-->
Save your FREE seat for 流媒体 Connect this August. 现在注册!

Video: Audio Analysis and Machine Learning for Video

Learn more about machine learning and AI at 流媒体的下一个事件.

Watch 小君海德's complete presentation, VES103. Enhancing Media with Machine Learning in 2019,在… 流媒体 Conference Video Portal.

Read the complete transcript of this clip:

小君海德: In my opinion, this is one of the more mature areas of machine learning for video. These services are pretty accurate when it comes to speech-to-text, from what I've seen. 显然,它们并不完美. But I feel that they're more perfect in this regard than they are with object detection, especially when we're talking about videos in the wild.

Say I'm a machine learning service, for instance, maybe Video Indexer or Valossa. And I'm tuning my models and they're going to probably cover 80%. But there are going to be those videos that they're not expecting, and they haven't been properly tuned to. So what I would say now is speech-to-text and translation or speech-to-text iare actually pretty good so far.

Translation builds on top of that. In addition to being able to get a transcript, you can then take that transcript and translate it to other languages. 这是另一个很酷的例子. There are sounds in this world that aren't just speech. So we have, you know, bird sounds. 我们有掌声,我们有音乐. 诸如此类. Certain services can actually tell you what other audio is happening within the video as well. 这很有用.
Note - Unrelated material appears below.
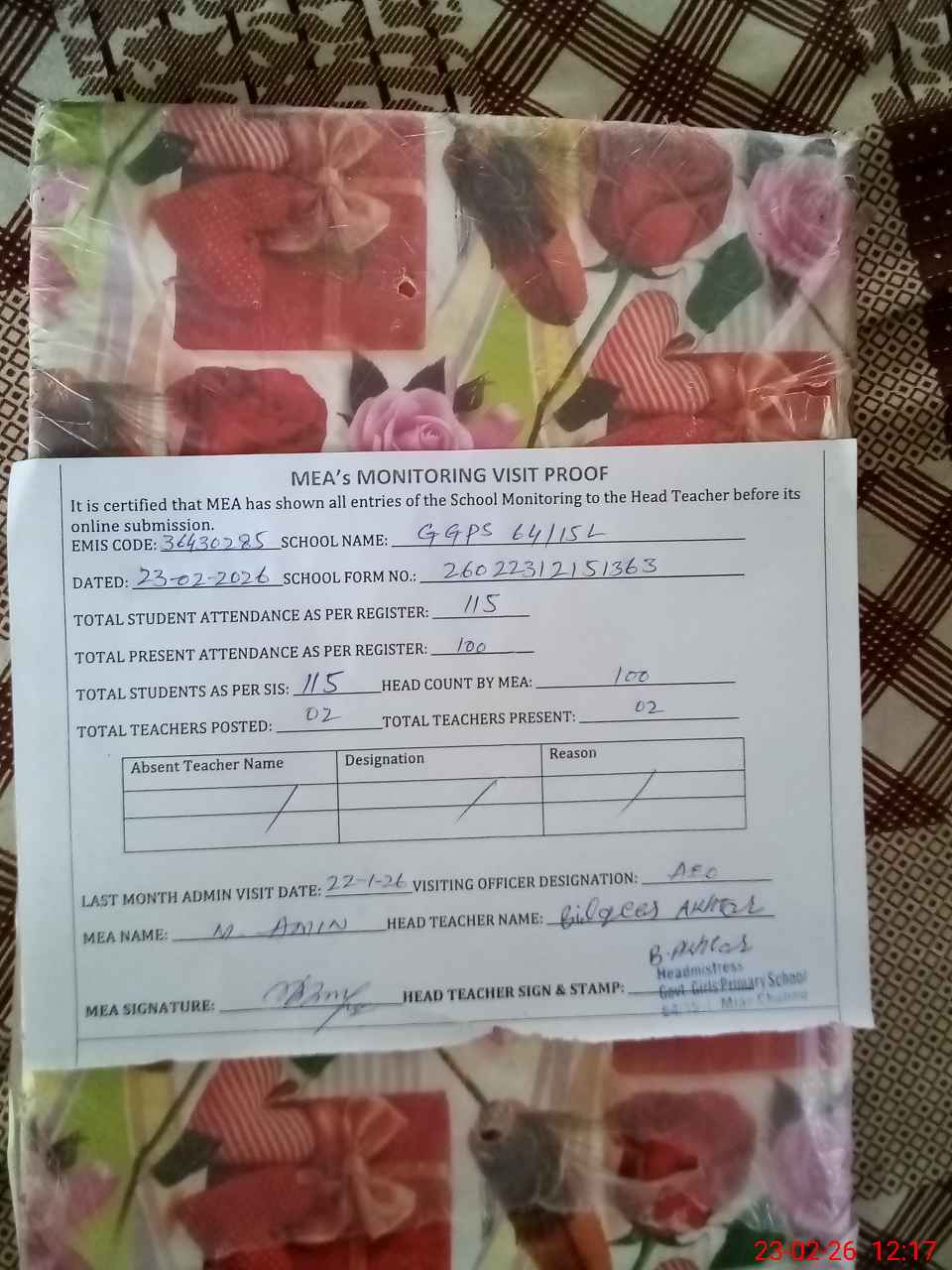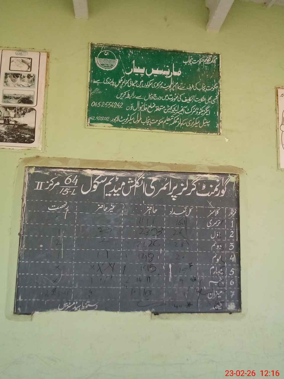 | EMIS Code: 36430285 | Name of School: GGPS 64/15-L MIAN CHANNU | |||

What you see on the left is Valossa and what their JSON looks like. I ran it through video, and it detected applause. In the Fauna category, it detected a pet sound, probably a dog bark or something.

Then there's Video Indexer from Azure Media Services. They have this really cool speaker statistics that they give you. Let's say you have some kind of like training system where you're teaching toastmasters, and you want them to be able to have a two-way conversation. You can leverage these statistics to know who's the one that's talking and not letting anyone else talk.

In this case, it's me, because I'm sitting up here talking to all of you and you're all quiet. But speakers' statistics are pretty interesting.

There's also sentiment analysis as well. Sentiment analysis is where you analyze how much happiness or sadness is in a video. Or how positive or negative is a particular point in the video. Valossa has a pretty cool visualizer within their UI where you can get some sentiment.

AMS Video Indexer does positive and negative, and I think they just recently started putting some emotions in there as well.

Watson Video Enrichment has been doing sentiment analysis for a while. So what you can see here in the bottom right is joy, sadness, anger, fear, and disgust.

流媒体覆盖
免费的
合资格订户
现在就订阅 最新一期 过去的问题
相关文章

是什么 Machine Learning as a Service?

RealEyes Media CTO 小君海德 discusses MLaaS and how to leverage it in this clip from his Video Engineering Summit presentation at 流媒体 East 2019.

Video: How to Make MLaaS Work for You

MLaaS对你有用吗? Depends on the kind of content you have, 你是如何使用它的, 以及你需要的结果类型, as RealEyes' 小君海德 explains in this clip from his Video Engineering Summit presentation at 流媒体 East 2019.

Video: What's the Difference Between Machine Learning and AI?

Microsoft's Andy Beach and IBM/Watson Media's Ethan Dreilinger break down the differences between machine learning and AI in this clip from their panel at 流媒体 West 2018.

Video: Key Considerations When Choosing a Video AI Platform

RealEyes Director of Technology 小君海德 discusses the importance of internal self-assessment and which use-case elements to consider when choosing a platform for video AI in this clip from 流媒体 East 2018.

Video: Tips for Getting Started with Video AI Platforms

RealEyes Director of Technology 小君海德 outlines the first steps in choosing an AI platform in this clip from his presentation at 流媒体 East 2018.